Generally, the Wolfram Language stores references to previously computed results. This mechanism can result in an accumulation of data that if given some thought, is not needed for future computations. The mechanism that controls the history length can be set to not remember previous output.
The general procedure in the finite element discretization is as follows:
- Precompute geometric data (InitializePDEMethodData).
- Discretize the PDE (DiscretizePDE).
- Solve the system of equations (LinearSolve).
During the finite element analysis, there are two key memory bottlenecks. The first is the creation of the stiffness matrix (DiscretizePDE), and the second is the solution (LinearSolve) of the system of equations. Options to both mesh generation and geometric data precomputation have an effect on the memory requirement during discretization and solving. Furthermore, by default, the discretization step itself is performed in two steps.

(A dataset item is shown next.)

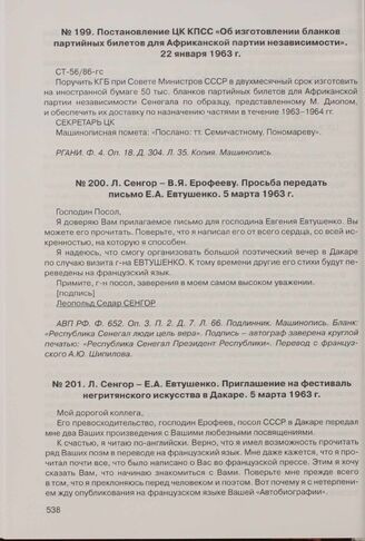 Главная Россия и Африка. 1961-начало 1970-х Л. Сенгор - Е.А. Евтушенко. Приглашение на фестиваль негритянского ...

First all elements for a specific system matrix are computed, and then the matrix is assembled from those elements. An additional distinction is to be made if a given memory-saving action taken will merely need more time for the computation, or if that specific action also has an effect on the quality of the solution.
The options, which can also be passed to NDSolve directly, are best discussed with an example. Typical examples that require a great deal of memory are 3D application examples and/or involve many coupled PDEs.
The first crucial step is the element mesh generation. There are various aspects that influence the memory needed to solve the PDE over the mesh. The "MeshOrder" has a large effect on how much memory is needed. For example, a first-order tetrahedron has four nodes, whereas a second-order tetrahedron has 10 nodes. Reducing the "MeshOrder" also reduces the quality of the solution that can be expected, as has been discussed in "Solving Partial Differential Equations with Finite Elements".
During the matrix assembly in the upcoming discretization stage, all elements from a mesh are first computed and then assembled. This means that at one point in time, the elements and the system matrix are in memory. This can be avoided by setting the option "MeshElementBlocks" to a positive integer. Then the mesh elements are split into a number of blocks. Once an element mesh block is computed, it is then assembled into the system matrix. Then the block is discarded and the next block is assembled into the same system matrix, until all blocks have been computed and assembled. With this scheme, the maximum memory consumption is the fully assembled system matrix and the size of the largest element mesh block and its computed elements. Setting "MeshElementBlocks" too large will slow down the assembly process.
During equation processing, a call to InitializePDEMethodData is made. During this call, geometric data that is needed for the finite element method is precomputed. If NDSolve`ProcessEquations is used solely for equation processing, the geometric preprocessing can be switched off.
During the discretization step, the precomputed geometry data is needed to compute the contribution of each element to the system matrices. Note that for transient systems, switching off the geometric precomputation will require that this data is recomputed in each time step. This will further increase the time needed to solve the system, but for very large systems this may be an option to obtain a solution at all.
Next, there is a very subtle point to consider. The system matrices are stored in the DiscretizedPDEData data object. Those have been extracted in the preceding and stored into the symbols load and stiffness. The deployment of the boundary conditions will modify these system matrices. But since they are stored in the DiscretizedPDEData (it is possible to extract the unmodified system matrices once more), a duplicate version will be created. To avoid this and in order to save memory, the DiscretizedPDEData object can be deleted such that only one reference to the system matrices exists.